At moments of prolonged confrontation, diplomacy tends to shrink. It becomes cautious, procedural, and trapped in familiar patterns—sanctions met with defiance, negotiations reduced to technicalities, and breakthroughs postponed in favor of temporary fixes. The long standoff between Iran and the United States is a case in point. What is missing is not dialogue, but imagination anchored in strategic realism.
If I were an Iranian negotiator, I would argue that the time has come for something altogether different: not another interim agreement, but a comprehensive settlement that resolves the nuclear issue by transforming it into a broader economic and political bargain.
If I were an Iranian negotiator, I would argue that the time has come for something altogether different
The central insight is simple but often avoided. Iran’s nuclear program is not only a proliferation concern; it is also a multi-decade national investment—financial, technological, and political. Any lasting resolution must therefore grapple not only with future restrictions, but also with past costs.
Consider the most sensitive issue: Iran’s stockpile of highly enriched uranium. According to international estimates, Iran has accumulated hundreds of kilograms of uranium enriched to around 60%—material that significantly shortens the technical path to weapons-grade levels. Rather than treating this stockpile solely as a liability, it can be reframed as strategic leverage.
Under a serious agreement, Iran could accept the full neutralization or transfer of this material—roughly 450 kilograms enriched to 60%—under strict international verification. But such a step cannot be politically sustainable if presented domestically as a unilateral concession. It must be embedded in a broader settlement that recognizes what Iran is giving up, which is precisely why a more innovative approach becomes necessary.
Iran could, in effect, sell its nuclear program. For a price in the range of $200 billion, Iran would agree not only to relinquish its existing stockpile—including its 60%-enriched uranium—but also to dismantle the strategic ambiguity and long-term potential embedded in its nuclear infrastructure. Viewed through this lens, the figure is not arbitrary; it is anchored in economic logic.

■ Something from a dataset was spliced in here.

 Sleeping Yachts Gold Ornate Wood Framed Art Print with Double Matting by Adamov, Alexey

For a price in the range of billions, Iran would agree not only to relinquish its existing stockpile, but also to dismantle the strategic ambiguity embedded in its nuclear infrastructure
Over decades, Iran has likely invested between $100 billion and $200 billion in developing its nuclear capabilities—facilities, enrichment technology, scientific networks, and protective systems. Beyond these direct costs stand even greater indirect burdens: lost economic growth under sanctions, restricted oil revenues, and the prolonged freezing of national assets abroad.

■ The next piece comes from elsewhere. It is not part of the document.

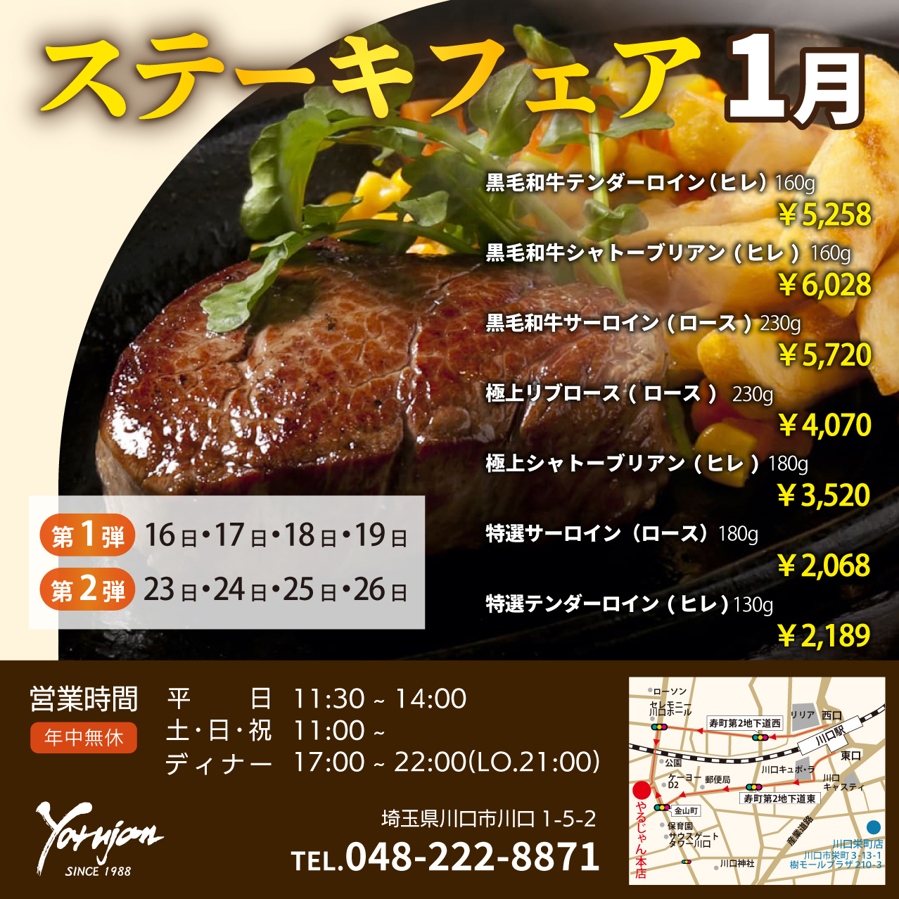 なお、ステーキフェアの開催は本店のみですのでご注意ください。

Seen in this light, a $200 billion settlement is not excessive—it barely compensates for what has already been spent and lost. More importantly, such an arrangement would create a rare alignment of interests. Iran would recover much of its historical investment, allowing its leadership to justify the agreement domestically as a strategic repositioning rather than a retreat. At the same time, the United States and the international community would obtain something that decades of pressure have failed to deliver: verifiable, durable assurance that Iran has exited the nuclear threshold.
In other words, the world would not be paying for a promise—it would be paying for closure. A second pillar of this grand bargain, meanwhile, would require a strategic shift in Iran’s energy policy. Tehran could agree to suspend nuclear energy development for civilian electricity generation. In exchange, international partners—led by Washington—would invest in alternative energy infrastructure, including modernized hydrocarbon-based power generation and upgraded national grids. Such an arrangement would address proliferation risks while ensuring Iran’s long-term energy security.

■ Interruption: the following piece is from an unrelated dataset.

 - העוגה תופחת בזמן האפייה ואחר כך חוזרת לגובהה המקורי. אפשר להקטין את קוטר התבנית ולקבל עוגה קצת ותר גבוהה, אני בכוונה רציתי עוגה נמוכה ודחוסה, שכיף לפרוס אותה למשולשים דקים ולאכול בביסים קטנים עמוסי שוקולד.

A second pillar of this grand bargain, meanwhile, would require a strategic shift in Iran’s energy policy
Equally essential to any durable settlement would be economic normalization. The release of Iranian assets held abroad and a structured, credible lifting of sanctions would be indispensable components of any agreement. Without tangible economic reintegration, no deal—however well designed—can endure.
A final component of such a settlement would allow Iran to formalize a commitment of global consequence: guaranteeing the security and openness of the Strait of Hormuz. At a time when global energy markets remain fragile, such a guarantee would reposition Iran not as a source of disruption, but as a stakeholder in stability.

Critics will argue that such a proposal is politically unrealistic. But realism, properly understood, is not about limiting ambition—it is about recognizing costs. The cost of this agreement, however substantial, would still be far lower than the cumulative price of continued confrontation: recurring crises, regional instability, and the ever-present risk of military escalation.
The cost of this agreement, however substantial, would still be far lower than the cumulative price of continued confrontation
Diplomacy is often framed as a process of mutual concession. But at its most effective, it is an exercise in reframing—turning liabilities into assets, and conflicts into strategic bargains.
If I were an Iranian negotiator, I would not seek a narrow compromise. Instead, I would seek a definitive settlement—one that allows Iran to close the chapter on its nuclear program with dignity and compensation, while offering the United States and the world something they have long demanded but never fully secured: lasting assurance. Because, in the end, the question is not whether peace is expensive, but whether conflict is cheaper.